**Work order**
Give back only the lines in the records below from the one with "Craig Brandist is" to the one with "Giulia Provvedi e", both inclusive, word for word.

**Input**
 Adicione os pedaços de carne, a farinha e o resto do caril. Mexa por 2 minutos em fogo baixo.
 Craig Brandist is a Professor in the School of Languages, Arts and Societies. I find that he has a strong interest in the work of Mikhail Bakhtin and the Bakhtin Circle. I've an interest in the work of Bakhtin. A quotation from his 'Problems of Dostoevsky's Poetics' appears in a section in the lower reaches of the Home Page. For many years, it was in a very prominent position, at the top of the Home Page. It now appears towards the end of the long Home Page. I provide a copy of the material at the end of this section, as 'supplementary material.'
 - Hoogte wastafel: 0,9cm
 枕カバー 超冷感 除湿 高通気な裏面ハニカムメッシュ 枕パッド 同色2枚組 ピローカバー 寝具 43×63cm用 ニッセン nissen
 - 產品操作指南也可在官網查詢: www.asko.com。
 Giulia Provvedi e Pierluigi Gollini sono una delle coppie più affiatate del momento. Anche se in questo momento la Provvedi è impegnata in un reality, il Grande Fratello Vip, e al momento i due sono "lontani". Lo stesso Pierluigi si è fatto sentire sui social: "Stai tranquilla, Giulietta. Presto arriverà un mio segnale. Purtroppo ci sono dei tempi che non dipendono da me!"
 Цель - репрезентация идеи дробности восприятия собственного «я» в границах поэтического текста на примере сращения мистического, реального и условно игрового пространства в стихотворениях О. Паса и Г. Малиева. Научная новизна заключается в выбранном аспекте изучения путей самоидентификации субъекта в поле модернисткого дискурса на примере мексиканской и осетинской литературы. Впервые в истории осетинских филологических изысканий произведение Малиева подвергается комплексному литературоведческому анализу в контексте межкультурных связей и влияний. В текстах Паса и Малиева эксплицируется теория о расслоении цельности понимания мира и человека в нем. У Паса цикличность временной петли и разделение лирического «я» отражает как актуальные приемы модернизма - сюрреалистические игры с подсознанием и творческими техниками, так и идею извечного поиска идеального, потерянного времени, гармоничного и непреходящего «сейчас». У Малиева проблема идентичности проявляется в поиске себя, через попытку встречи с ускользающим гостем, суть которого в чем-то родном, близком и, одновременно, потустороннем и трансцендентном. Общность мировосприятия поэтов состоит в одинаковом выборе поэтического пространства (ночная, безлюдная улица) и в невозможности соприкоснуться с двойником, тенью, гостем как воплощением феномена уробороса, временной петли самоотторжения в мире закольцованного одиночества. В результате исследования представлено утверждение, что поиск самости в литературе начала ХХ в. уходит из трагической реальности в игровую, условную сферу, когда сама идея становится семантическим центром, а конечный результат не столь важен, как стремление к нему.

**Response below**
 Craig Brandist is a Professor in the School of Languages, Arts and Societies. I find that he has a strong interest in the work of Mikhail Bakhtin and the Bakhtin Circle. I've an interest in the work of Bakhtin. A quotation from his 'Problems of Dostoevsky's Poetics' appears in a section in the lower reaches of the Home Page. For many years, it was in a very prominent position, at the top of the Home Page. It now appears towards the end of the long Home Page. I provide a copy of the material at the end of this section, as 'supplementary material.'
 - Hoogte wastafel: 0,9cm
 枕カバー 超冷感 除湿 高通気な裏面ハニカムメッシュ 枕パッド 同色2枚組 ピローカバー 寝具 43×63cm用 ニッセン nissen
 - 產品操作指南也可在官網查詢: www.asko.com。
 Giulia Provvedi e Pierluigi Gollini sono una delle coppie più affiatate del momento. Anche se in questo momento la Provvedi è impegnata in un reality, il Grande Fratello Vip, e al momento i due sono "lontani". Lo stesso Pierluigi si è fatto sentire sui social: "Stai tranquilla, Giulietta. Presto arriverà un mio segnale. Purtroppo ci sono dei tempi che non dipendono da me!"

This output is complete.